Though it’s questionable why he wants to achieve animation that brushes against photo-realism (why not just use live actors?), the effort is starting to pay off. The animation here is very good, with actors such as Jim Carrey (Scrooge) retrofitted into something admirably crooked, wicked and rotten. The characters’ eyes still are flat, but they aren’t completely without soul, as was the case in “Express” and the follow-up to that movie, 2007’s equally disappointing “Beowulf.”

Based on his own script, Zemeckis gives Charles Dickens’ tale a dimension he never could have imagined when he published the story in 1843, well before the advent of film. The question, of course, is whether a story this rich even needs the clamoring of elaborate special effects to make it resonate with today’s audiences.

The answer is a resounding “no,” but here’s the thing. The story has held up so well, it actually helps the movie, bolstering the technology behind it because the story’s themes remain relevant. Shrewdly, Zemeckis hasn’t toyed with those themes — he doesn’t tinker. He allows Dickens’ words to do their part of the heavy lifting, while the technology does the rest.

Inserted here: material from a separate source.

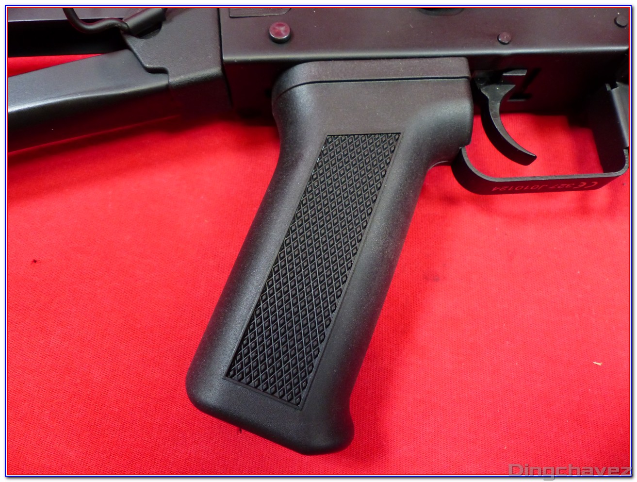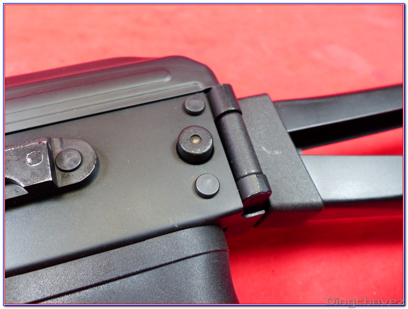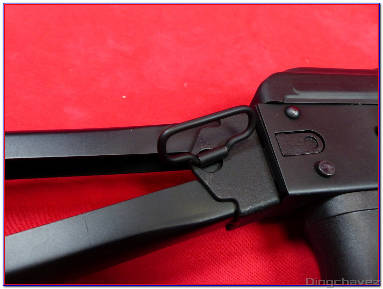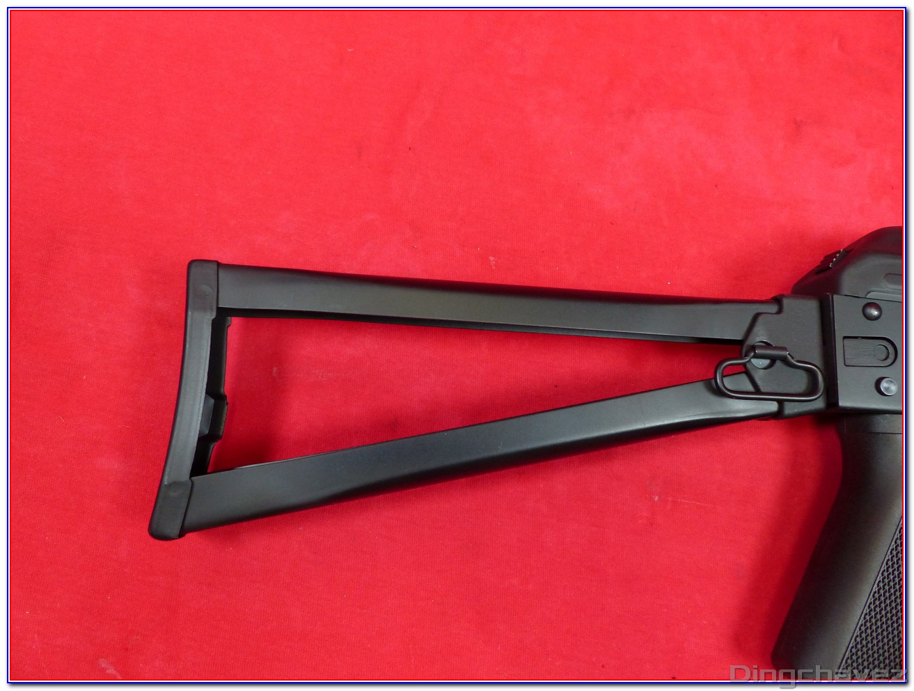 La crosse peut être repliée sur le côté gauche de la réplique. Pour ce faire, il faut appuyer sur un bouton circulaire puis on rabat la crosse jusqu’à la verrouiller sur un petit crochet.

About the film: For those who don’t know the story (is that possible?), we’re in 19th century London and the movie follows the transformation of one mean penny pincher, Ebenezer Scrooge, who has a heart of coal and who looks every bit as chilling as his name sounds. Skeletal, bent, his nose a crooked faucet pockmarked with pores, there is nothing about this frowning beast that’s likable.

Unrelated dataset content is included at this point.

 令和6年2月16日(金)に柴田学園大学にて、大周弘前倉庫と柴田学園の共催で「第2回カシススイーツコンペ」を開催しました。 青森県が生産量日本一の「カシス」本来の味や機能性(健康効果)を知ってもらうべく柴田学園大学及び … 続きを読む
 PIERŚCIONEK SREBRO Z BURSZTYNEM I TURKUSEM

People fear him, which is what he wants. His one employee, Bob Cratchit (Gary Oldman), tries to keep warm at his desk while Scrooge enjoys the bulk of the meager heat. Meanwhile, at home, Cratchit’s young son, Tiny Tim, is steamrolling toward death — and Cratchit doesn’t have the money to save him.

How do we know this? The movie offers cutaways, but mostly it’s through a life-altering journey Scrooge takes thanks to some rather relentless spirits, one of whom is Death itself. The idea is to shake some sense into Scrooge, to make him see himself for who he is.

What’s curious about the movie is that the film’s 3-D elements are employed in such a way that they add to the experience, not detract. Snowflakes drift down in the theater — it’s a sweet effect — but the better effect is that beyond them is a story that trumps those flakes. Tart it up all you want, but Dickens’ words still resonate, his characters still infuriate, frighten and touch, and there’s still satisfaction to be had in his tale.

Grade: B

On DVD and Blu-ray Disc

BRUNO, directed by Larry Charles, written by Sacha Baron Cohen, Anthony Hines, Dan Mazer and Jeff Schaffer, 88 minutes, rated R.

Larry Charles’ “Bruno” really isn’t a movie at all. Calling it one is like calling mutton the new white meat. Still, for simplicity’s sake, we’ll refer to it as such here.

This blast of flamboyant bombast is a sketch comedy of bad taste and “shocking” moments that took four writers to conceive. Sometimes they score — the opening moments are the movie at its most outlandish and best — and other times they fail, which makes for a movie whose highs and lows conspire to make for an uneven experience, to say the least.

And what experiences we have in “Bruno.” The film is about the uber-gay Austrian fashionista Bruno (Sacha Baron Cohen), who aspires to be a worldwide superstar no matter what. That’s the slim thread that carries the movie forward — but it isn’t much, and to be fair to the film, it really isn’t meant to be.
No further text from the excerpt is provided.